More about Vector Search can be found here.

Note : you need to enable change data feed delta.enableChangeDataFeed = true

Step 6: Testing the Solution

To validate the pipeline I send a query the vector search index with sample inputs.

import mlflow.deployments

question = "How does Australia's healthcare system balance universal access through Medicare with the role of private supplementary insurance, and what benefits do Australians gain from each?"
deploy_client = mlflow.deployments.get_deploy_client("databricks")
response = deploy_client.predict(
endpoint="embedding_aifoundry", inputs={"input": question})
embeddings = [e['embedding'] for e in response.data]

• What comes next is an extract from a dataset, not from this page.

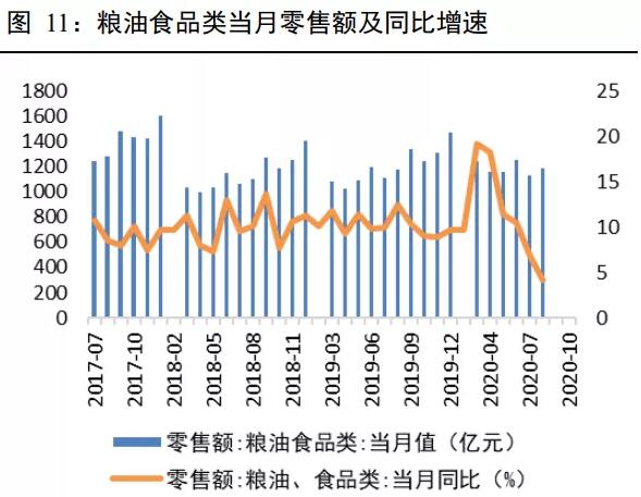 根據山西證券監測:2020年1-10月,糧油、食品類零售額累計值為12422.4億元,同比增長10.4%。10月, 糧油、食品類零售額為1291.4億元,同比增加 8.8%。

results = vsc.get_index(vector_name, index_name).similarity_search(
query_vector=embeddings[0],
columns=["url", "content"],
num_results=1)

docs = results.get('result', {}).get('data_array', [])
print(docs)

Challenges and Best Practices

  • Data Sensitivity: Ensure de-identification and anonymization of patient information.
  • Real-Time Processing: Use Auto Loader for efficient ingestion of live data streams.
  • Scalability: Leverage Databricks’ distributed computing for handling large datasets.

Conclusion

In this article, we explored the data preparation and processing workflow for a healthcare GEN AI application using Databricks and Azure AI Foundry. By combining cutting-edge tools like Auto Loader, Delta Lake, LlamaIndex, Databricks Model Serving, and vector search, we’ve built a robust pipeline that sets the foundation for AI-powered healthcare solutions.